Day 2 of an intense tree cutting job with massive back-leaning trees, a 53-ton jack, wedges, and excavator assistance.

You think cutting trees gets easier on day two?

Not when the biggest and most dangerous trees are saved for last.

This is where things get serious.

After clearing most of the area on day one, what’s left are the hardest trees on the site.

Bigger.
Heavier.
And worse…

Leaning the wrong way.

Some of them are leaning straight back… toward the house.

Now it’s no longer just cutting.

It’s control.

The plan changes immediately.

Wedges alone aren’t enough.

So they bring in more force.

A 53-ton tree jack.

An excavator behind the tree.

And precise cuts to control every movement.

The process starts carefully.

Face cut set.
Back cut begins.
Pressure builds.

The gauge on the jack tells the real story.

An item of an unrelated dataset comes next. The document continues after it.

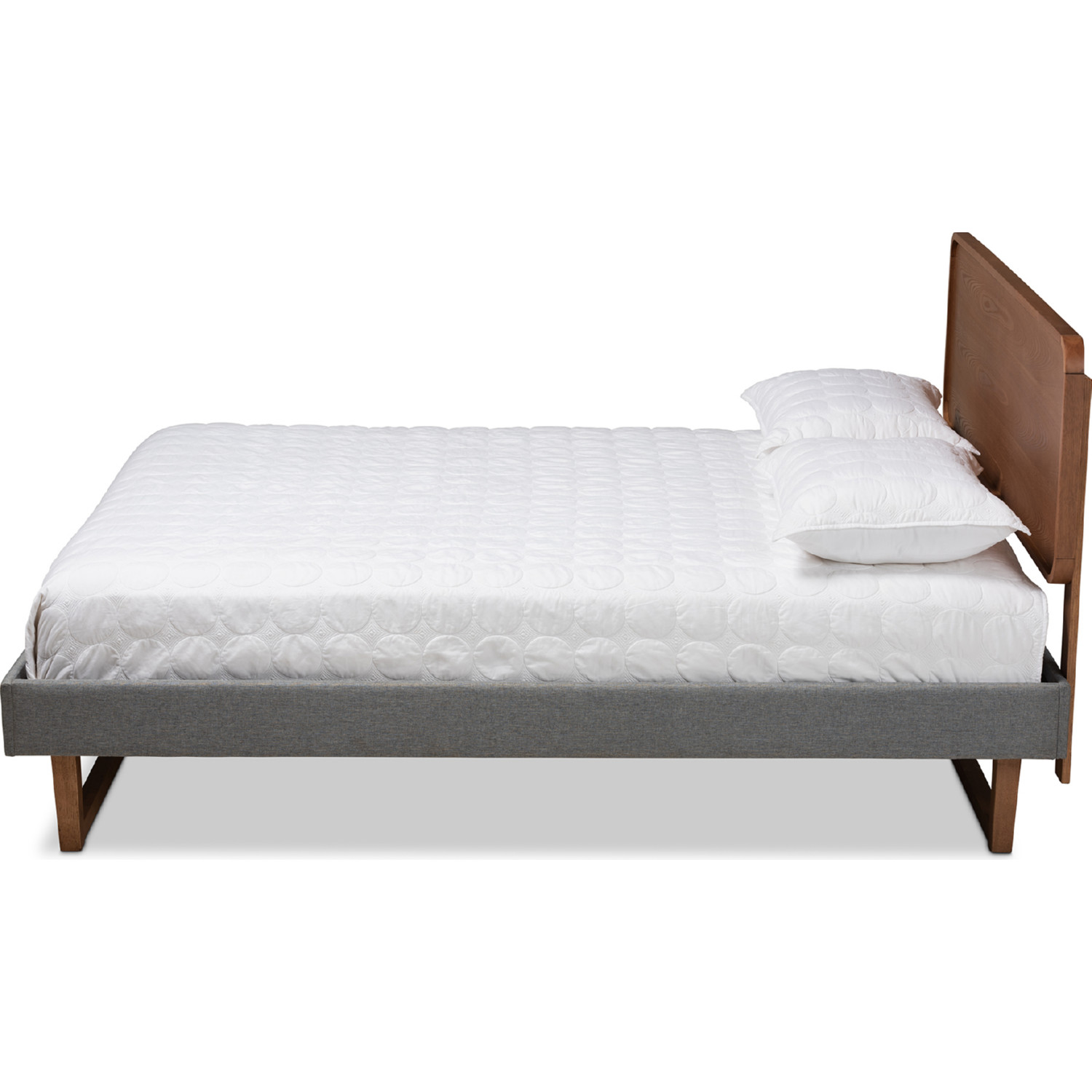 Baxton Ayla-Dark Grey/Ash Walnut-King Ayla King Platform Bed in Dark Gray Fabric & Walnut Brown

If pressure rises… the tree is fighting back.
If it drops… it’s going the right way.

This isn’t guesswork.

This is reading the tree in real time.

Then comes the moment.

The tree holds.

Tension builds through the fibers.

Wedges are driven deeper.

The jack pushes harder.

The excavator adds force.

And finally…

It breaks.

The tree commits.

Falling exactly where planned.

But not all trees are that cooperative.

Some require everything.

Wedges.
Jack.
Excavator.
Perfect timing.

One wrong move… and the tree could go anywhere.

The final tree?

The worst of them all.

Back-leaning.
Heavy.
Unpredictable.

This is where experience matters most.

Every cut is slow.
Controlled.
Intentional.

And when it finally goes…

You can feel the pressure release.

But here’s the twist most people don’t realize.

The hardest part isn’t the cut.

It’s managing fatigue.

After hours of work, every decision becomes harder.

And in this job…

Mistakes don’t get second chances.

By the end of the day:

Multiple massive trees down.
Stumps ground.
Logs stacked.

Another job completed.

Would you rely on wedges… or trust a 53-ton jack?